M&A: The Devil is in the Data 

The mergers and acquisitions (M&A) market had a relatively quiet 2022, but most analysts expect things to ramp back up in the second half of this year. This is good news, but there’s often so much focus on getting the transaction itself to the finish line that planning for the post-M&A environment takes a back seat. That’s asking for trouble in a variety of ways and is probably why some research indicates that roughly half of post-merger integration attempts result in a poor or failing environment. 

The importance of data 

It goes without saying that pre-transaction due diligence should include a careful review of all departments and systems for both entities, but one area where we often see things go wrong is in not paying adequate attention to the data. 

Data encompasses a wide variety of metrics, of course, from customer lists that might overlap to sales resources to warehouse and inventory information to costs and pricing, and much more. A thoroughly planned integration across all those areas is a big undertaking, which is perhaps why many organizations simply hope for the best in that post-merger environment … and why so many fail. 

What can go wrong? 

Failing to plan is planning to fail, as the saying goes, and the consequences of poor data integration can affect the new organization in some fundamental ways: 

Wasted time and energy: Duplicate or incomplete data and the frustration of manual processes to marry disparate systems can take a huge toll on productivity. And it doesn’t stop there, as those frustrations can have a direct impact on morale, never more vital than in today’s employee engagement crisis. 

Customer experience: Few things will annoy customers more than when your ability to serve them takes a hit due to data quality issues. The last thing any business needs in this (or any) economy is clients wondering whether they need to find a new solution because their needs aren’t being met. 

Decision making: It’s impossible to know where you’re going if you can’t tell where you are now. Data that’s out of date or not actionable impedes planning and nimble, proactive decision making. 

Getting it right 

Proper data integration starts with a comprehensive understanding of data and systems for each organization, and that means asking questions around the skills possessed by each entity, the tools and technologies already in place, where those areas overlap between the two organizations and where there will still be gaps. The ideal result is a plan that eliminates both those gaps and any redundancies. 
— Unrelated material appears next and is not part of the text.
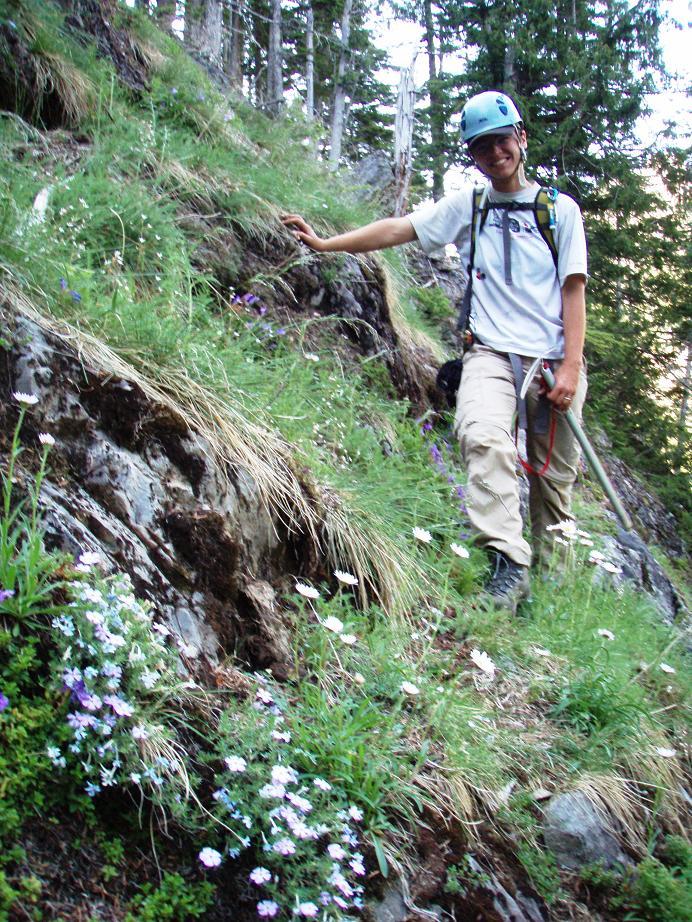 scrambling up two steep sections of 3rd class gully/meadow. Soon we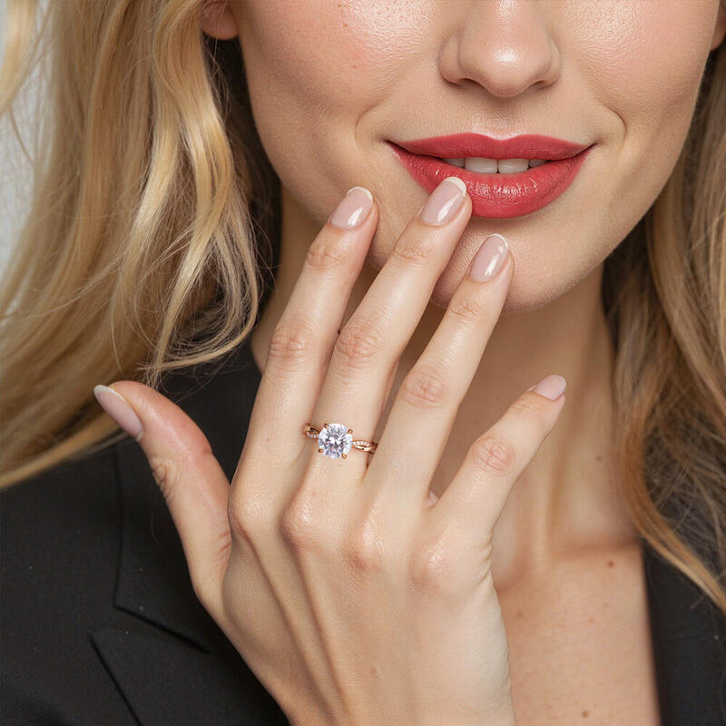 "Plein de Tendresse" Bague de Fiançailles Taille Ronde 2.5 carats à Pierres Latérales

It’s worth noting that these questions need to be asked not just of upper management but all the way to the front lines. There are often substantial differences between management perceptions and front-line realities in regard to exactly what the existing systems are capable of and how they’re being used. 

In some cases, this process reveals substantial gaps that will still exist post-transaction. That might require pressing the proverbial reset button and finding technological solutions that are lacking in both organizations. It’s far better to discover this now and to know it needs to be addressed than to find those gaps after large amounts of time and money have been invested in integrating systems. A prime example of this is when we encounter two organizations that are still using local server-based applications or storage when a move to cloud solutions might offer multiple advantages.  

At the time of the transaction, it’s a safe bet that at least some employees will have to learn systems or processes they haven’t used previously. Again, that makes it the right time for deploying new systems across the board if necessary. Figuring this out later, after those team members have already had to change their behaviors once, is a surefire recipe for employee disengagement. 

It’s easy to view all this as a series of large challenges, and it is. But these moments are also opportunities to not only avoid pain and pitfalls but to create a new organization that is greater than the sum of its parts.